Omit the pictures and return exactly the stretch of the material below from the line with "Connectors let Claude" through the line with "今日は、全学年が校庭に集合し、対面式を行いました。".

## SOURCE MATERIAL
• • • • •
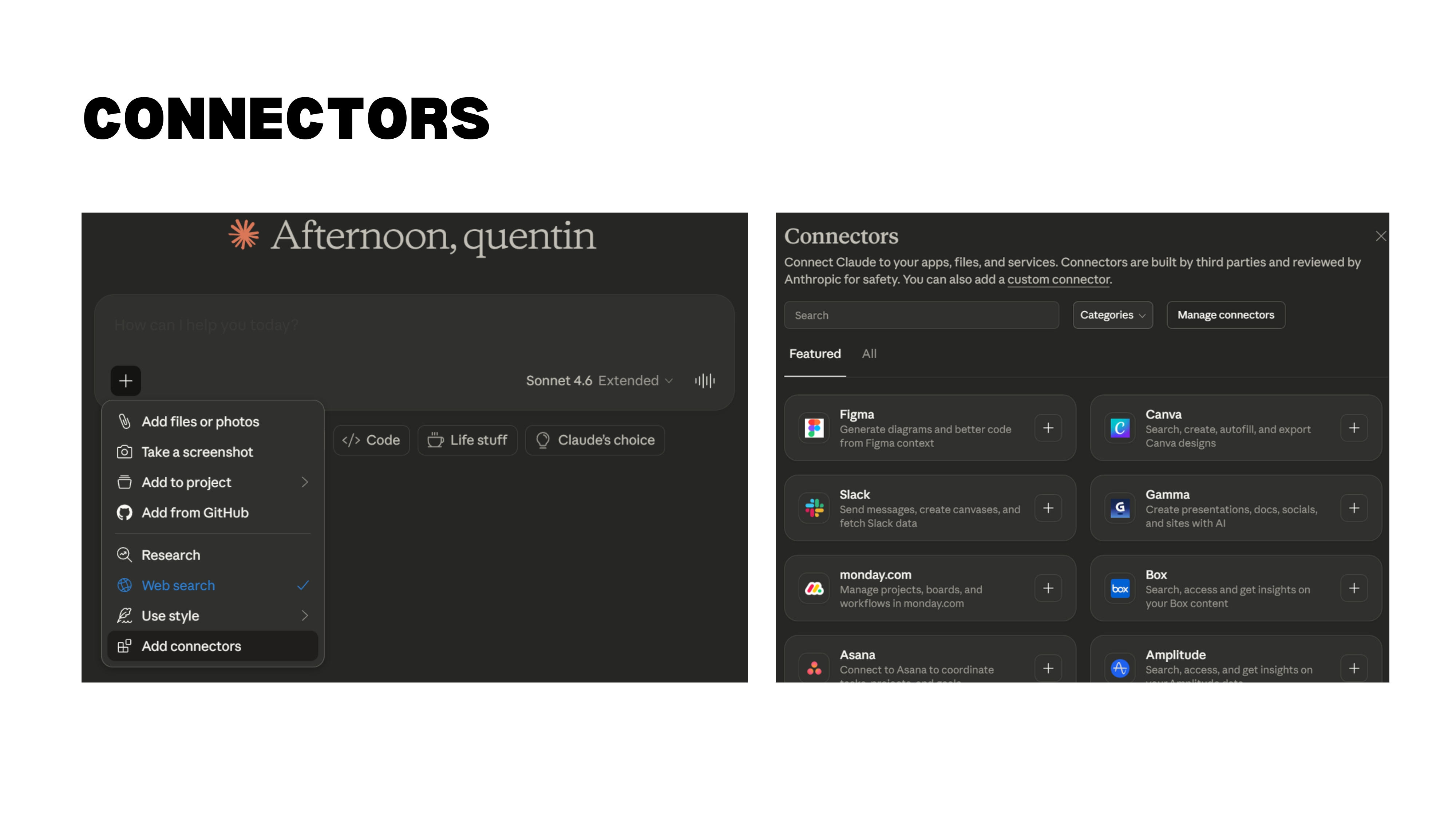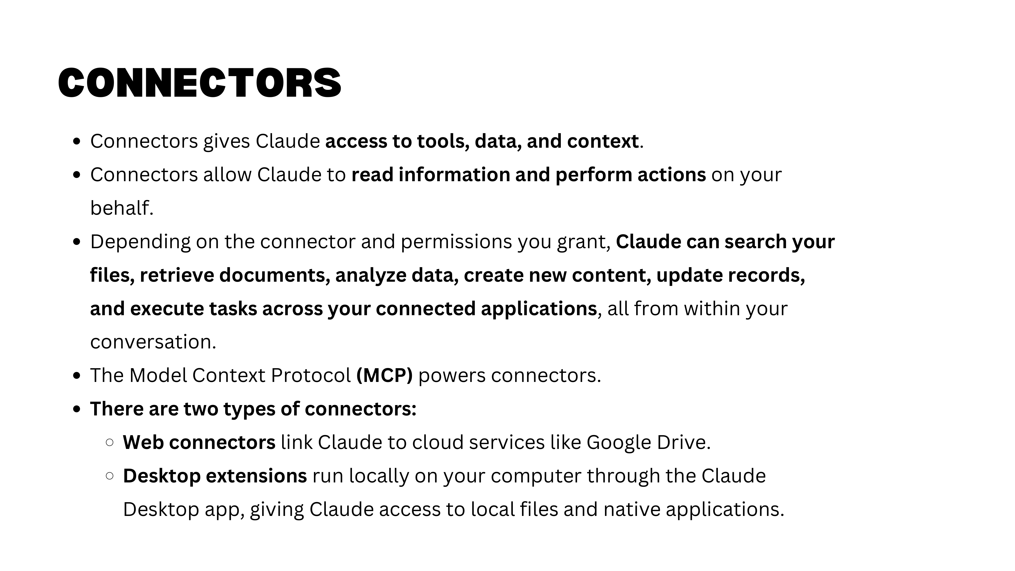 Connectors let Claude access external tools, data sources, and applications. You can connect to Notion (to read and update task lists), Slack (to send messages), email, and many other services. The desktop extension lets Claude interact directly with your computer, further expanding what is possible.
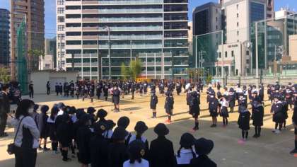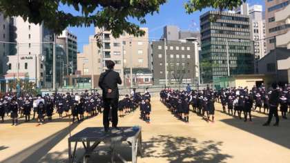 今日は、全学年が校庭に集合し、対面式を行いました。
• • • • •
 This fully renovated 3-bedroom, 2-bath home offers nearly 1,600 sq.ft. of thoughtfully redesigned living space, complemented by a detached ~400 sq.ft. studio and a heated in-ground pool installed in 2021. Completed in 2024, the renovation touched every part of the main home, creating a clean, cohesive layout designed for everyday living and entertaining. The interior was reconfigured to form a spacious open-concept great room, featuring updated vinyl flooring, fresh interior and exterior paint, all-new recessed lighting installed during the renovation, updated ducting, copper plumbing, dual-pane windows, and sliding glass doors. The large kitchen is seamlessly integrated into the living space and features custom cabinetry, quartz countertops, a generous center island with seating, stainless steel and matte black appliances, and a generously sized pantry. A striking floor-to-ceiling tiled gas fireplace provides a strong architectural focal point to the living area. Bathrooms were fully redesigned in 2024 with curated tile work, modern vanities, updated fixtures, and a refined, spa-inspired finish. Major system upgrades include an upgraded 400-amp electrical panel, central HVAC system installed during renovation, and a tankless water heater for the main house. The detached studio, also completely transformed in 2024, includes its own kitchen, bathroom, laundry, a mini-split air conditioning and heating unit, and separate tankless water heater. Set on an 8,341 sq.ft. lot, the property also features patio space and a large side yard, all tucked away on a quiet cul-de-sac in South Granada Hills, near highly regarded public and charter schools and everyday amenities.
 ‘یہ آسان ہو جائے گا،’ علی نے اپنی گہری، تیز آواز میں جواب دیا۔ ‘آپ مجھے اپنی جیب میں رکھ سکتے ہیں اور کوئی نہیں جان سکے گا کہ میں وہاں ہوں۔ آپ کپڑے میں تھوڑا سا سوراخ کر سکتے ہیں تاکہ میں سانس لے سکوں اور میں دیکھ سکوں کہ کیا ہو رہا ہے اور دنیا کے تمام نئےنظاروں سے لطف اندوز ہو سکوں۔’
• • • • •
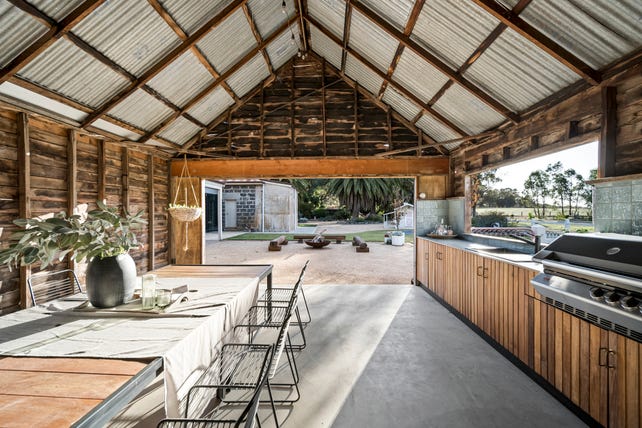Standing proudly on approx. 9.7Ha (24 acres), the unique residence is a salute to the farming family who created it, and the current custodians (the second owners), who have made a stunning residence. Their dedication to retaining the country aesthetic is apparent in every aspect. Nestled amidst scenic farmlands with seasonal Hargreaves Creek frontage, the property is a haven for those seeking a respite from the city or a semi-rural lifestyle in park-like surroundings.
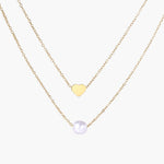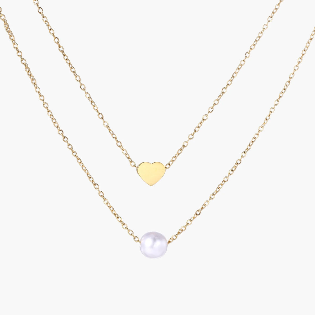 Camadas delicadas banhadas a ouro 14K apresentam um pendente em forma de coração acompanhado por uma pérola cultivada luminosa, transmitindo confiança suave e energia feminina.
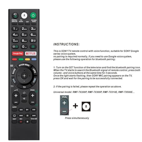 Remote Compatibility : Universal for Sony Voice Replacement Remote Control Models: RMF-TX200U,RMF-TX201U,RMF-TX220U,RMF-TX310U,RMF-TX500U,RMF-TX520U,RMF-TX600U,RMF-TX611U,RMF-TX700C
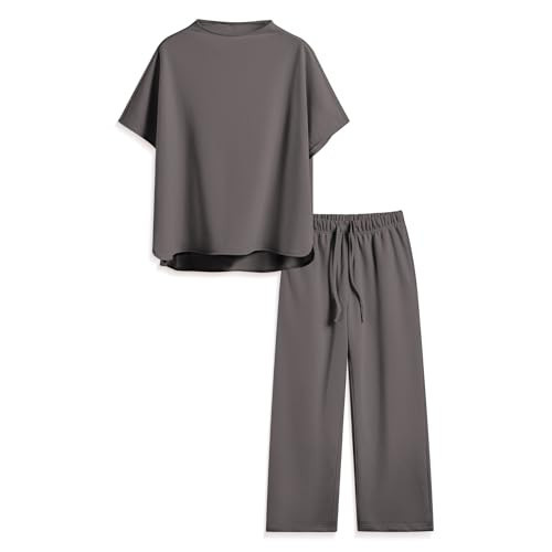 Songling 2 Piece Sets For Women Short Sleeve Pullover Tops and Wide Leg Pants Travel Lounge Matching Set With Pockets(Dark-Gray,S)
• • • • •
## COMPLETED EXERCISE
 Connectors let Claude access external tools, data sources, and applications. You can connect to Notion (to read and update task lists), Slack (to send messages), email, and many other services. The desktop extension lets Claude interact directly with your computer, further expanding what is possible.
 今日は、全学年が校庭に集合し、対面式を行いました。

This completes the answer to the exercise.